The data:
....................
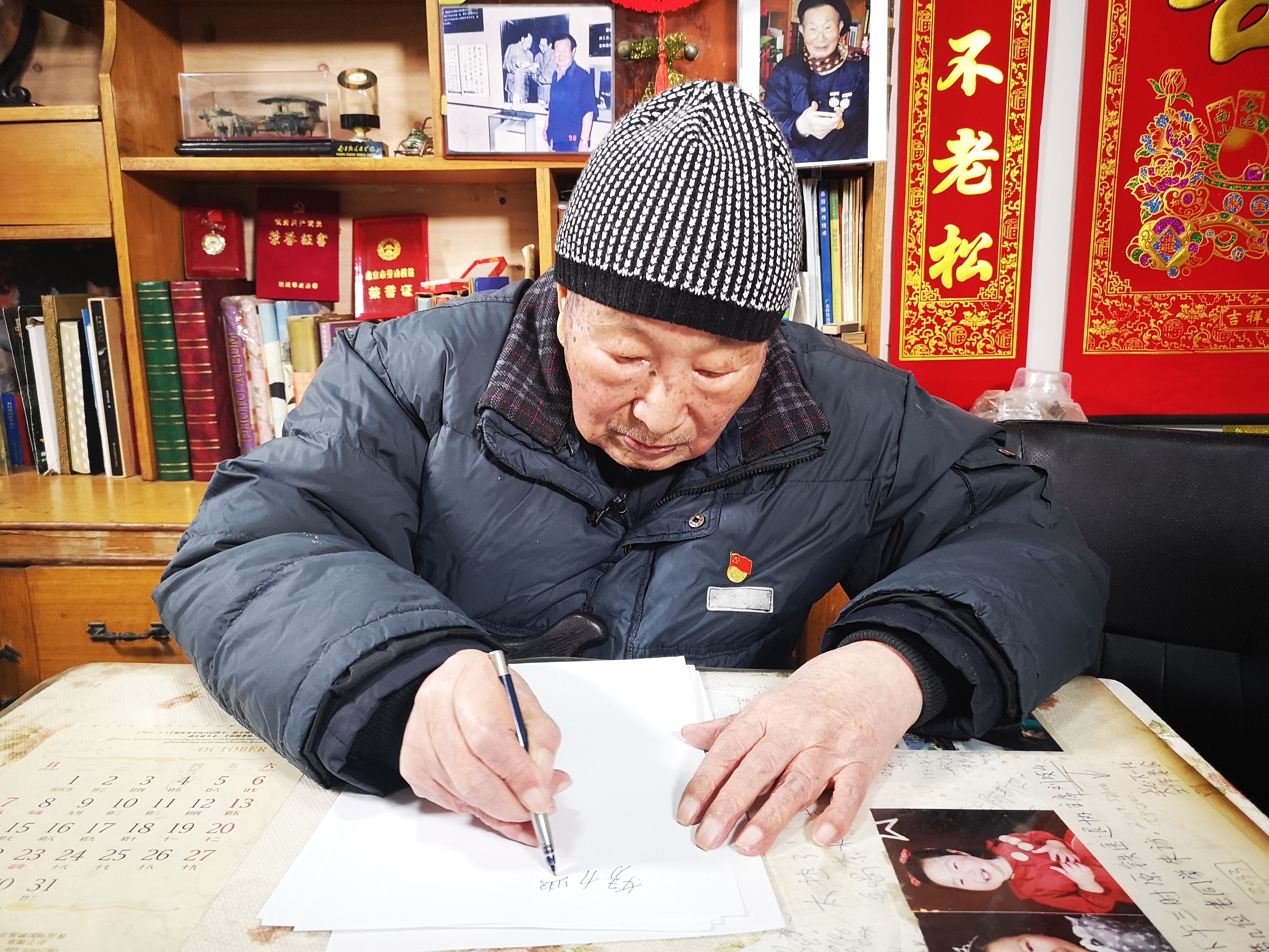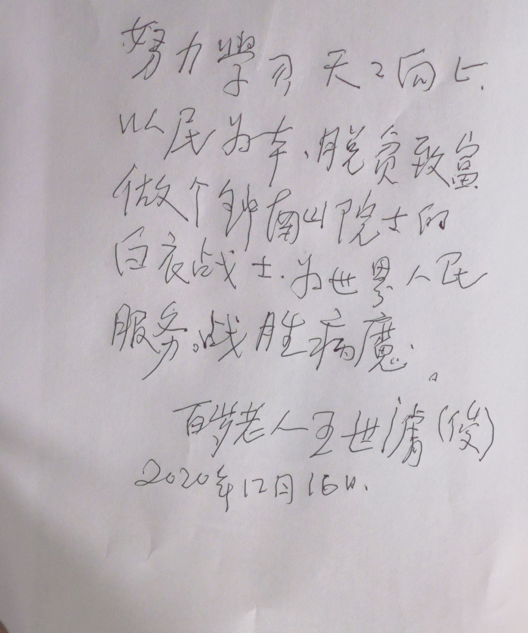 王世浚教授是一位在党四十多年的优秀共产党员。他用一生践行着自己的入党誓言,与党同呼吸、共命运,把对党的忠诚和热爱深深扎根于心底。他生前曾获得铁道部优秀共产党员、南京市劳动模范等荣誉称号,并获得全国铁路总工会颁发的“火车头”金质奖章。在庆祝建党百年前夕,医三亿体育(中国)组织部分学生党员深入采访了这位百岁老党员。他热情地向同学们重温了自己的入党初心经历、回顾了在党的教育引导下满腔热情工作的历程、抒发了对党对祖国十分挚爱的情怀。在回答同学们所提出的关于如何发挥共产党员的模范带头作用这一问题时,他不假思索、铿锵有力、郑地有声地说:“模范带头作用就是吃苦在前、享乐在后、争先进、做模范。你们在参加共产党前,你就应该有带头模范作用,在入党的时候,就应该有这种信念。”临行前,他欣然提笔,用苍劲豪放的笔触,饱含深情地勉励同学们:“努力学习,天天向上,以民为本,脱贫致富。做个像钟南山院士那样的白衣战士,为世界人民服务,战胜病魔。”(附图3、4 )参访的同学均无比震撼地认为,王老师的热切希望犹如灿烂阳光照亮了他们前行的路,同时也是他们前行路上永不枯竭的原动力。
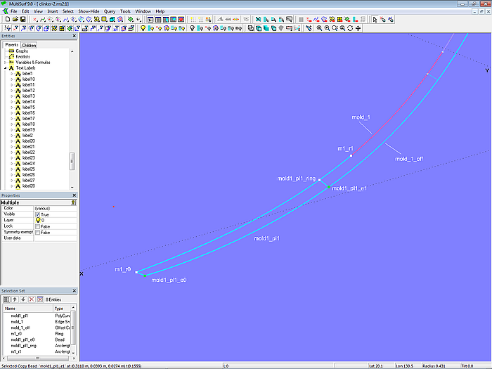 This means, for example, we need to set 9 points on the Intersection Snake mold_3. For this we use the Point type Arc-length Ring. The result are the Arc-length Rings m3_r1, m3_r2 ... m3_r9. The points m3_r2, m3_r3 ... m3_r9 are each separated by 0.1292 m.
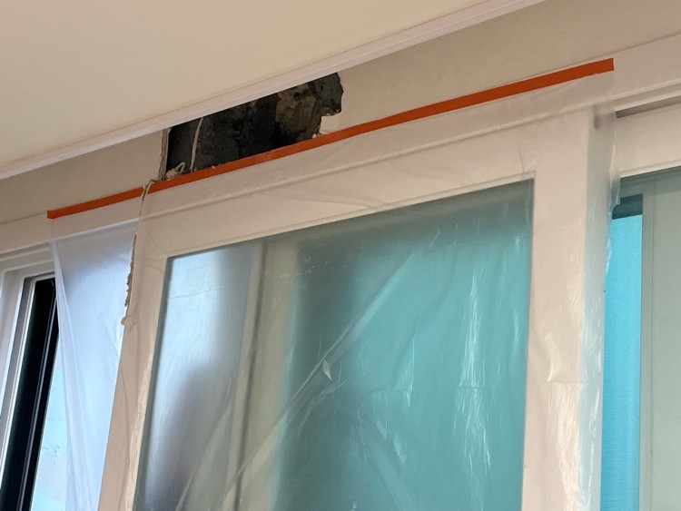 누수 경로를 찾기 위해 안에 내장제를 뜯었는데요. 내장제에서 전혀 젖어있는 흔적을 찾을 수가 없었습니다. 외부 크랙 흔적은 없고, 최근에 외벽 크랙 보수 작업까지했거든요. 탑층이라서 옥상 크랙 보수 작업도 했습니다.
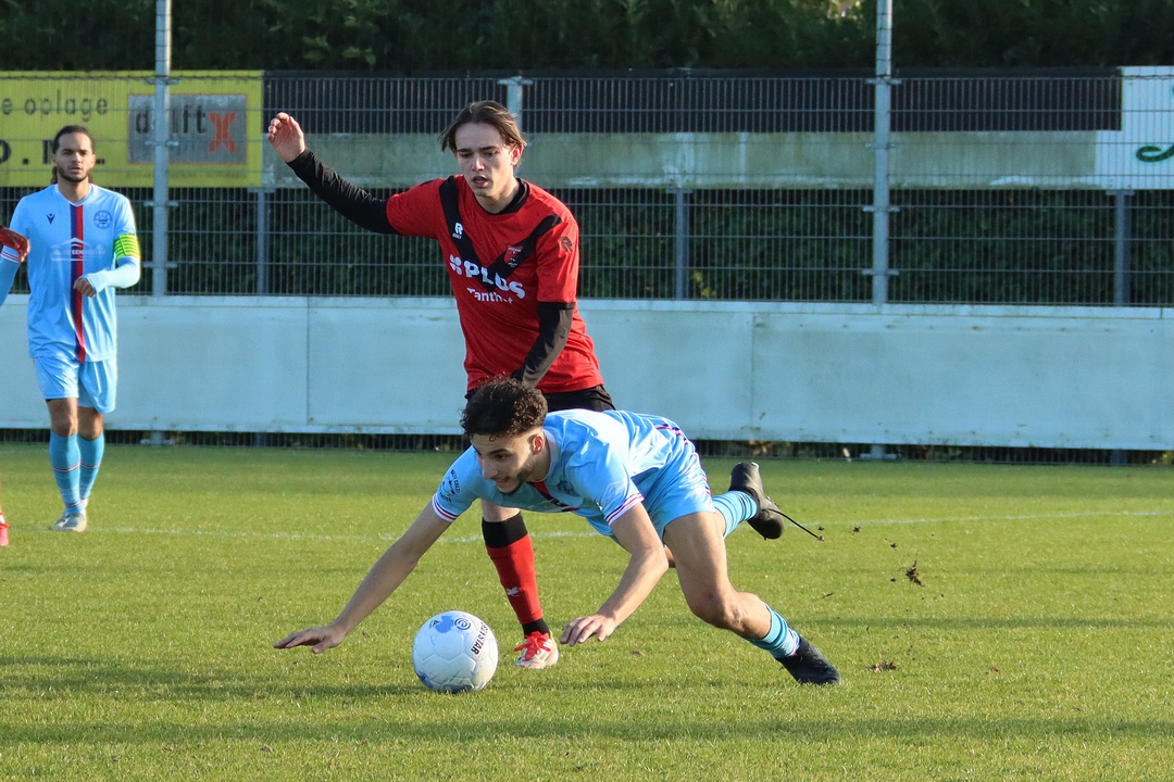 De opbouw van TAC`90 werd vroegtijdig verstoord. Dat bracht Gigi Vermeer vrij voor het doel, maar zijn schot ging naast.
....................
Please return all of the material above exactly, minus any pictures.

 王世浚教授是一位在党四十多年的优秀共产党员。他用一生践行着自己的入党誓言,与党同呼吸、共命运,把对党的忠诚和热爱深深扎根于心底。他生前曾获得铁道部优秀共产党员、南京市劳动模范等荣誉称号,并获得全国铁路总工会颁发的“火车头”金质奖章。在庆祝建党百年前夕,医三亿体育(中国)组织部分学生党员深入采访了这位百岁老党员。他热情地向同学们重温了自己的入党初心经历、回顾了在党的教育引导下满腔热情工作的历程、抒发了对党对祖国十分挚爱的情怀。在回答同学们所提出的关于如何发挥共产党员的模范带头作用这一问题时,他不假思索、铿锵有力、郑地有声地说:“模范带头作用就是吃苦在前、享乐在后、争先进、做模范。你们在参加共产党前,你就应该有带头模范作用,在入党的时候,就应该有这种信念。”临行前,他欣然提笔,用苍劲豪放的笔触,饱含深情地勉励同学们:“努力学习,天天向上,以民为本,脱贫致富。做个像钟南山院士那样的白衣战士,为世界人民服务,战胜病魔。”(附图3、4 )参访的同学均无比震撼地认为,王老师的热切希望犹如灿烂阳光照亮了他们前行的路,同时也是他们前行路上永不枯竭的原动力。
 This means, for example, we need to set 9 points on the Intersection Snake mold_3. For this we use the Point type Arc-length Ring. The result are the Arc-length Rings m3_r1, m3_r2 ... m3_r9. The points m3_r2, m3_r3 ... m3_r9 are each separated by 0.1292 m.
 누수 경로를 찾기 위해 안에 내장제를 뜯었는데요. 내장제에서 전혀 젖어있는 흔적을 찾을 수가 없었습니다. 외부 크랙 흔적은 없고, 최근에 외벽 크랙 보수 작업까지했거든요. 탑층이라서 옥상 크랙 보수 작업도 했습니다.
 De opbouw van TAC`90 werd vroegtijdig verstoord. Dat bracht Gigi Vermeer vrij voor het doel, maar zijn schot ging naast.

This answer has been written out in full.